Logic is a basic part of craftsmanship. To bring a piece of rough lumber to the state of being true out of wynd you have to create a register. First you plane it flat (out of wynd/wind). That is your face. From your face you plane an perpendicular edge. Now you plane to width and from there you can thickness your stick. Here is fundamental rationality or moving from one clear and distinct condition to the next. Many philosophers have also been handy – Wittgenstein, Popper, Spinoza, Collingwood wrote on craft, Heidegger; I’m sure that roll could be expanded.
Perhaps it was always the case that Pathos not Logos is the dominant factor in the political domain. Behind the scenes intellectuals with a Utopian vision plot according to an abstract rubric and urge the masses to tumult . The philosopher must find the aurea mediocritas without verging on Aristotelian snobbery. He held that a free man might play the flute but not too well.
The reason nature is so diverse and dense is because there is no singular goal, program, language, culture, etc. Multicultural, not monocultural. Even predators only kill what they need, not insist the entire world is theirs to consume.
People like to project out, without real consideration for the reactions being generated.
Consider that as these mobile organisms, necessitating a sequential process of perception and having developed civilization out of narrative cultures, we experience time as the point of the present, moving past to future. The reality is that change turns future to past.
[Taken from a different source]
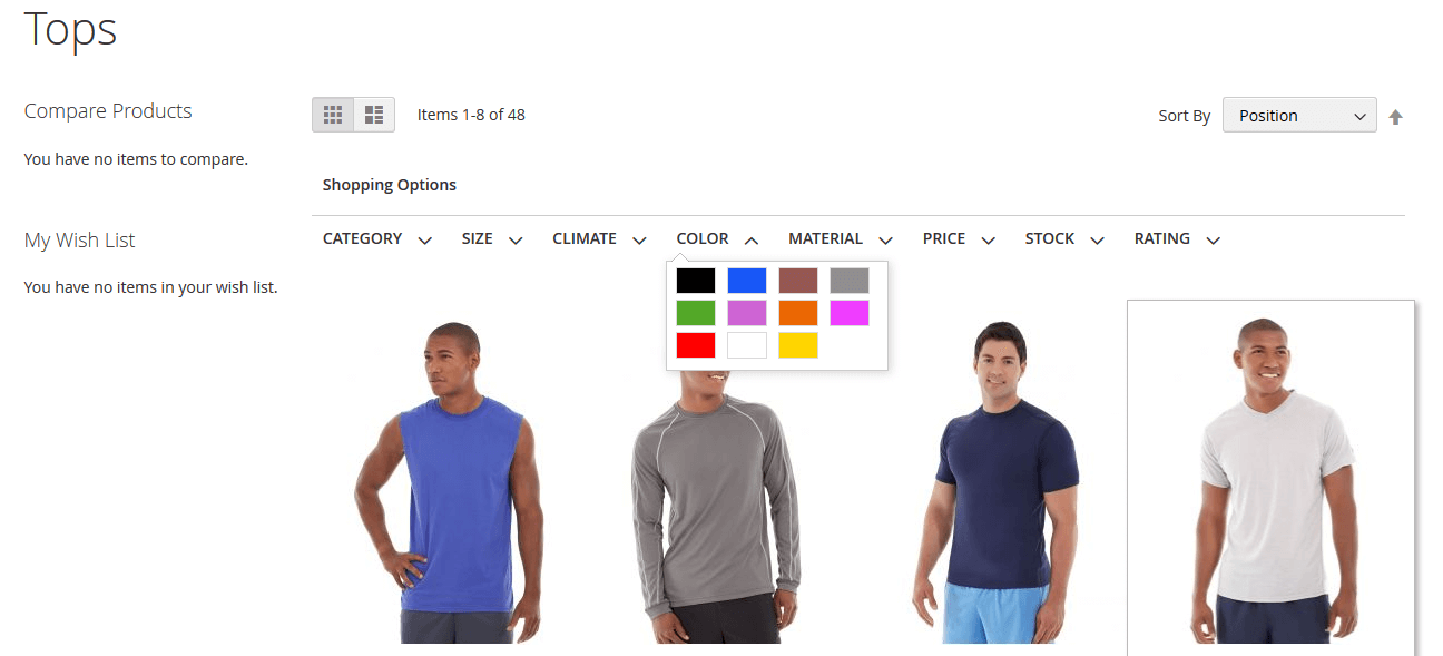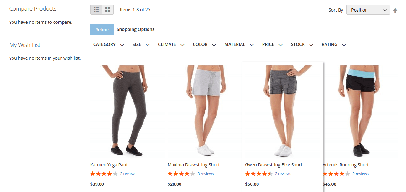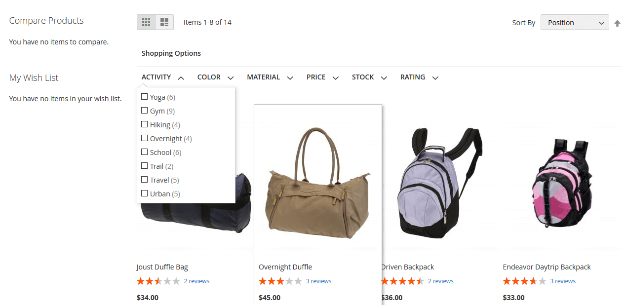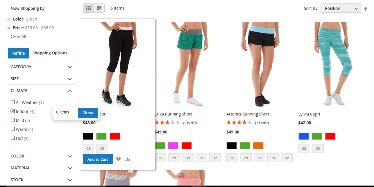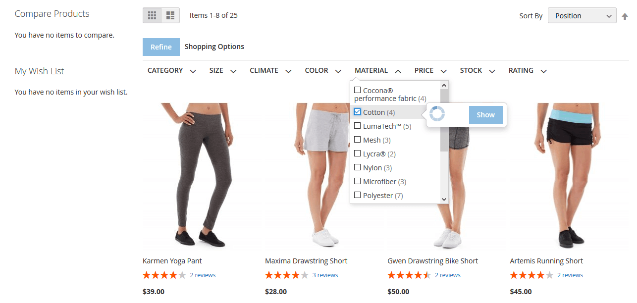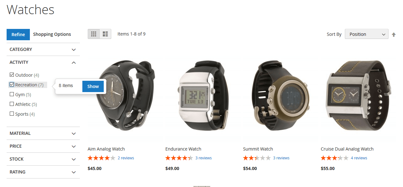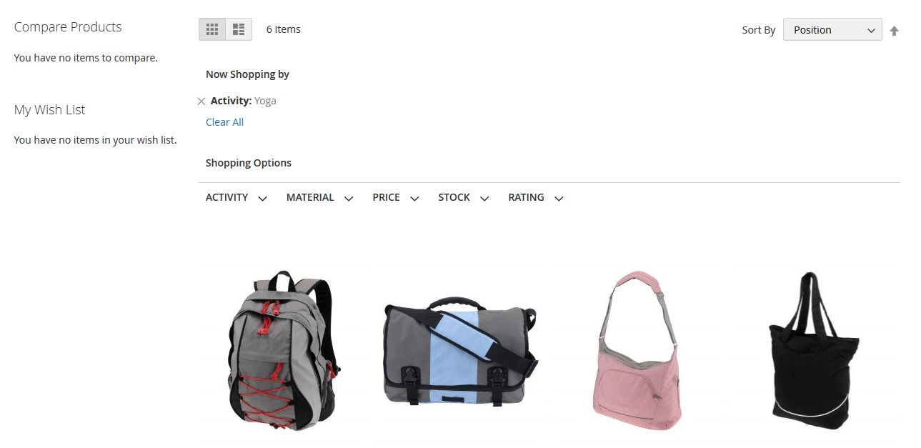 Using backend options, the admin can choose from various available product filters that he or she wants to display in frontend product category and search results page. You can also customize the product filter position, such as horizontal or vertical, on the search page. If the admin has enabled the stock filter option, then your shoppers will also be able to quickly filter products that are currently in stock or out of stock with in the same search results. Not just that, if your customer wants to start a new search, then they can remove all the selected product filter options and can begin again. Ultimately adding such product filter options will help customers to meet their requirements by saving their lots of time & effort.

Tomorrow becomes yesterday, because the earth turns.
There is no literal dimension of time, because the past is consumed by the present, to inform and drive it. Causality and conservation of energy. Cause becomes effect.
So the energy, as process, goes past to future, while the patterns generated go future to past. Energy drives the waves, while the fluctuations rise and fall. Lives go birth to death, while life moves onto the next generation, shedding the old.
Consciousness goes past to future, while the perceptions, emotions and thoughts go future to past. Though it is the digestive, respiratory and circulatory systems processing the energy, while the central nervous system sorts and orders the information precipitating out. Thus this tendency to focus on the forms, than the processes creating them.
The reality is more thermodynamic feedback loops generating this reality, than linear temporality. One wave doesn’t cause the next. Yesterday didn’t cause today. The sun shining on a spinning planet creates this cycle of days and nights. As the energy ebbing and flowing creates the waves.
Yet our reality are these flashes of perception, the function of which is to enable us to navigate our situation. Since culture evolved out of story telling and the most powerful stories were the most repeated, we are fundamentally schooled to the idea that ends justify means, but there is only means. The ends are subjective interpretations of feedback loops, both positive and negative. Yet our culture sees it as a linear quest.
More is not always better.
Good and bad are not some cosmic conflict between righteousness and evil, but the basic biological binary of beneficial and detrimental. The 1/0 of sentience. Even bacteria get it. All the higher order evolved cultural constructs, love, honor, trust, respect, responsibility, etc, as well as the negatives, are the result of complex evolutionary processes. So when we try to frame morality and ethics in terms of desired outcomes, based on our particular ideals, it is somewhat analogous to trying to learn computer programming by playing video games.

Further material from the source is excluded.